One of the very useful features of R is that you can assign names almost everywhere you would use an index. So, you never have to worry about whether column 4 is “target_spacing” or something else. You just say “target_spacing”.
For example, let’s say you have some nice rectilinear data, like this cross-tabulation of hair color, and eye color, and sex in a group of students:
data <- data(HairEyeColor)
> HairEyeColor
, , Sex = Male
Eye
Hair Brown Blue Hazel Green
Black 32 11 10 3
Brown 53 50 25 15
Red 10 10 7 7
Blond 3 30 5 8
, , Sex = Female
Eye
Hair Brown Blue Hazel Green
Black 36 9 5 2
Brown 66 34 29 14
Red 16 7 7 7
Blond 4 64 5 8
This is just a 3-D array, like Matlab’s 3-D arrays (Interestingly, Matlab only added multi-D arrays after someone got fed up with the lack of them and went off to write the Numeric package for Python.) And as an aside, NumPy and R have consistent rules for indexing in N-D (where N can be 1, 2, 3, or more), while MATLAB forgets about 1 dimensional arrays entirely, and as for consistency, utterly screwed it up.

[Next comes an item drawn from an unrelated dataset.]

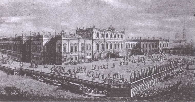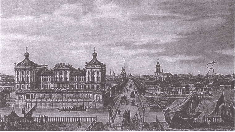 Аничков дворец. Гравюра по рисунку Махаева. Британский музей

Ahem. As I was saying, unlike an array in Matlab, arrays in R can have nice, human-interpretable names attached to their rows, columns, and slices. You can see them in the printout above, or get and set them explicitly with dimnames:
> dimnames(HairEyeColor)
$Hair
[1] "Black" "Brown" "Red" "Blond"
$Eye
[1] "Brown" "Blue" "Hazel" "Green"
$Sex
[1] "Male" "Female"
An array with dimnames, allows you to access elements by name, not number. So if you want to slice just the blond, brown-eyed people in this sample, you can just say:
> HairEyeColor['Blond', 'Brown',]
Male Female
3 4
That’s the same as writing HairEyeColor[4, 1,], only you can actually see what it’s trying to accomplish.
Now, I wish that you would be able to go a step further and write HairEyeColor[Eye='Brown',Hair='Blue',], and not worry about which order the dimensions come in, but R’s not perfect. Just useful. Actually, you can do that sort of thing with PANDAS, a Python library billing itself as “R’s data.frame on steroids.”
Meanwhile, if you pay an additional tithe to the Mathworks, you can get the Statistics toolbox, whose “dataset” class is more or less R’s data.frame with hyponatremia. (No ‘NA’, you see.)
Anyway, if you ever ask me to remember that “Female” is 1 (in this dataset) and “Hazel” is 3, well, look, remembering arbitrary correspondences between names and numbers is something humans are just really bad at and computers are very good at, OK? If you’re writing analysis scripts and you find yourself flipping back to the speadcheet to count columns… just don’t. Why would you do a job the computer should be doing for you?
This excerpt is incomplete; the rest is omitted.